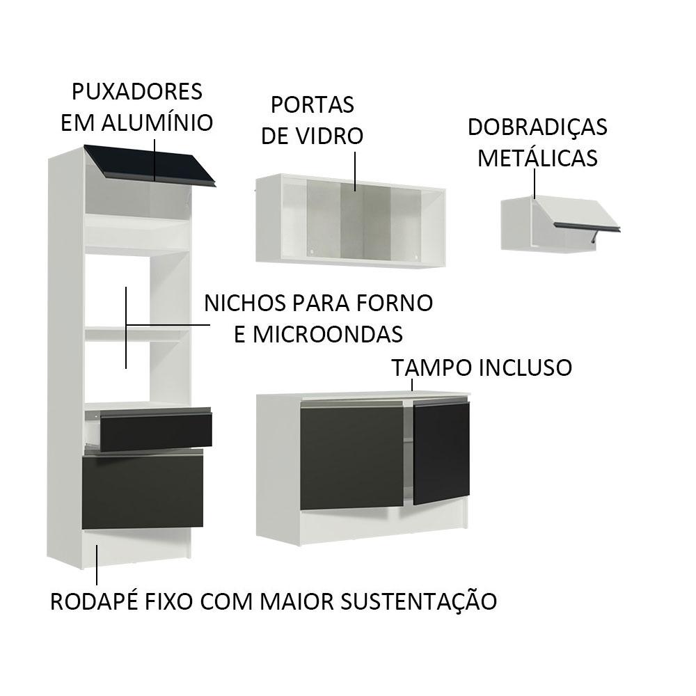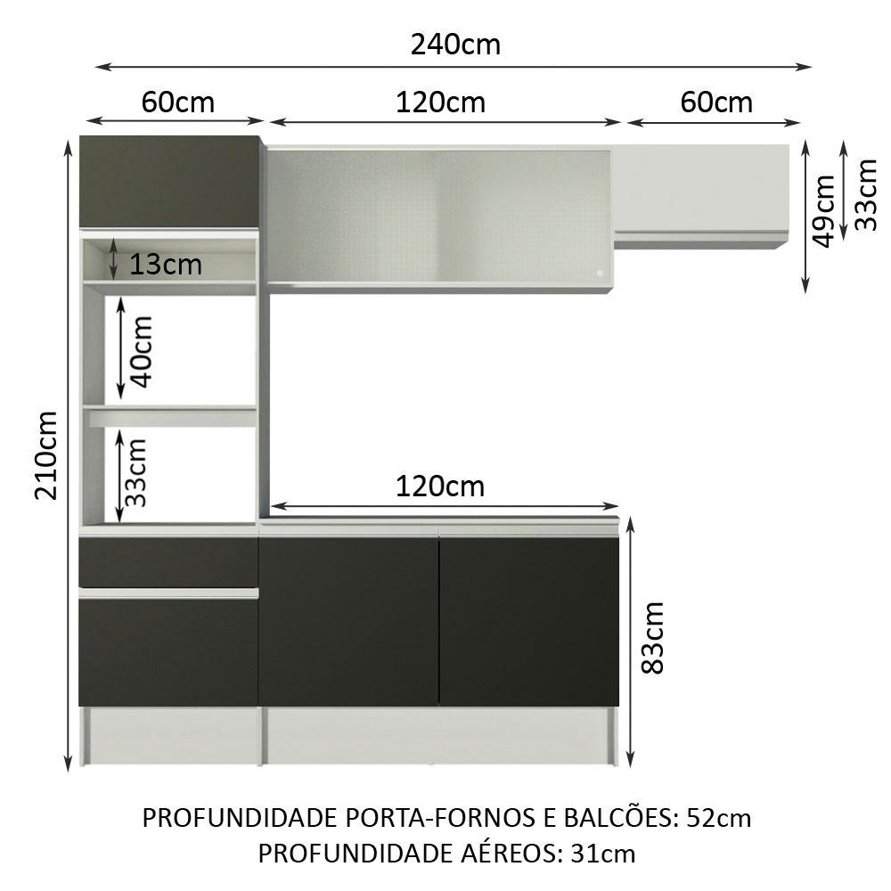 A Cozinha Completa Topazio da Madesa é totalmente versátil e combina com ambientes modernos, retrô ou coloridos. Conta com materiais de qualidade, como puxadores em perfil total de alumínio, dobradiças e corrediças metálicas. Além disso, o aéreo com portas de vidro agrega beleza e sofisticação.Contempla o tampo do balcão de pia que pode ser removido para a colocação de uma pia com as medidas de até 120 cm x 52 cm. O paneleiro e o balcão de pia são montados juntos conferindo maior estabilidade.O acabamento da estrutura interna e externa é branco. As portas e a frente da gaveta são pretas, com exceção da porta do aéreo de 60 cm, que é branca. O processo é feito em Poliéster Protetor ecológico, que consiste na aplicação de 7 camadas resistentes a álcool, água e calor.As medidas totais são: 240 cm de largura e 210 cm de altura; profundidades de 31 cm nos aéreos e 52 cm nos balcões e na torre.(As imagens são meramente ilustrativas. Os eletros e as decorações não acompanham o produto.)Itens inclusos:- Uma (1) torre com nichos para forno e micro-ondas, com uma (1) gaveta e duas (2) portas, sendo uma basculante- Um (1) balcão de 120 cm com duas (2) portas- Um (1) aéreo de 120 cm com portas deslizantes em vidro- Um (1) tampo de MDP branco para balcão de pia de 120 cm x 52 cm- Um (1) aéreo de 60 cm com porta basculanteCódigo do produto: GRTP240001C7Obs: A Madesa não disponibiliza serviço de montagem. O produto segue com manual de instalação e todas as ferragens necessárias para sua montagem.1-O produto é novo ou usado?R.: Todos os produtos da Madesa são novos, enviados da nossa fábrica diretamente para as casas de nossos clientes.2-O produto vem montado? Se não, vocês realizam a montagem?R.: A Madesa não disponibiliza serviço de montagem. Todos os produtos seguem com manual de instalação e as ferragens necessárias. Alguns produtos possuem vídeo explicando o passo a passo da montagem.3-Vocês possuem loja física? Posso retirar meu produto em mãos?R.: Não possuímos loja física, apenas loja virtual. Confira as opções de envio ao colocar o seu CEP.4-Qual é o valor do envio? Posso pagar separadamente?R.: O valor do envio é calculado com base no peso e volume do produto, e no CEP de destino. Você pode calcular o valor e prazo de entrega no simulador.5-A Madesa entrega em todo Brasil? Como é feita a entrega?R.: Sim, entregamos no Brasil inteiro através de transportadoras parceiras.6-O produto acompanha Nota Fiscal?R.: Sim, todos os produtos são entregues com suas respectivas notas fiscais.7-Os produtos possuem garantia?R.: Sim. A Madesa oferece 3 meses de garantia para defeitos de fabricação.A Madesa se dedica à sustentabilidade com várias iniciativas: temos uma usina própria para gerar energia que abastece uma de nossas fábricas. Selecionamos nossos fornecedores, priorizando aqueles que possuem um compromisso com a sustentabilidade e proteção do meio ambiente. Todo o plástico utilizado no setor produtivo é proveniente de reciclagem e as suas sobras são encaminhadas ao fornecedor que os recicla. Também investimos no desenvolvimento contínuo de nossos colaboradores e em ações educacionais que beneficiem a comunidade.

...

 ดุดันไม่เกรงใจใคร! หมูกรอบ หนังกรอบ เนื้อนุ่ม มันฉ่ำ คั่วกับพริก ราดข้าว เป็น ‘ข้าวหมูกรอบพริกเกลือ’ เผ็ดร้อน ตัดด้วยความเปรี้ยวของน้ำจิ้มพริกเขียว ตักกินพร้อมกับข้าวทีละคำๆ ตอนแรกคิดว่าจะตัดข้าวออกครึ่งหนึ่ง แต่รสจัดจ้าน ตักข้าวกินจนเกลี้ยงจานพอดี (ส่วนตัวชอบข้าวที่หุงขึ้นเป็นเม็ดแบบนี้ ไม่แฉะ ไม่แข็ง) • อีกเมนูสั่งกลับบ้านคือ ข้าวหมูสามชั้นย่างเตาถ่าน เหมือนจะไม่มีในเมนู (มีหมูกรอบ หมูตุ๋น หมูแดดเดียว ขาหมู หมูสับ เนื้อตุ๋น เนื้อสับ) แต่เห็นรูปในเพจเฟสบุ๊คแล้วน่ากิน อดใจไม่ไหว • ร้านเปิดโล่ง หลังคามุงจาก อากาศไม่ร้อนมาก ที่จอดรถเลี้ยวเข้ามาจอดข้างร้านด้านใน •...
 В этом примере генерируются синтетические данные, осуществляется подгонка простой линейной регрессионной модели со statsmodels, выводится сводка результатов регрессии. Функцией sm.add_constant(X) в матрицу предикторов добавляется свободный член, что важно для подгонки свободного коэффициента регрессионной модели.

_What is required_
Of the lines above, extract only those from the line with "ดุดันไม่เกรงใจใคร! หมูกรอบ หนังกรอบ" to the line with "В этом примере", both included, exactly as written.

_Solution to this exercise_
 ดุดันไม่เกรงใจใคร! หมูกรอบ หนังกรอบ เนื้อนุ่ม มันฉ่ำ คั่วกับพริก ราดข้าว เป็น ‘ข้าวหมูกรอบพริกเกลือ’ เผ็ดร้อน ตัดด้วยความเปรี้ยวของน้ำจิ้มพริกเขียว ตักกินพร้อมกับข้าวทีละคำๆ ตอนแรกคิดว่าจะตัดข้าวออกครึ่งหนึ่ง แต่รสจัดจ้าน ตักข้าวกินจนเกลี้ยงจานพอดี (ส่วนตัวชอบข้าวที่หุงขึ้นเป็นเม็ดแบบนี้ ไม่แฉะ ไม่แข็ง) • อีกเมนูสั่งกลับบ้านคือ ข้าวหมูสามชั้นย่างเตาถ่าน เหมือนจะไม่มีในเมนู (มีหมูกรอบ หมูตุ๋น หมูแดดเดียว ขาหมู หมูสับ เนื้อตุ๋น เนื้อสับ) แต่เห็นรูปในเพจเฟสบุ๊คแล้วน่ากิน อดใจไม่ไหว • ร้านเปิดโล่ง หลังคามุงจาก อากาศไม่ร้อนมาก ที่จอดรถเลี้ยวเข้ามาจอดข้างร้านด้านใน •...
 В этом примере генерируются синтетические данные, осуществляется подгонка простой линейной регрессионной модели со statsmodels, выводится сводка результатов регрессии. Функцией sm.add_constant(X) в матрицу предикторов добавляется свободный член, что важно для подгонки свободного коэффициента регрессионной модели.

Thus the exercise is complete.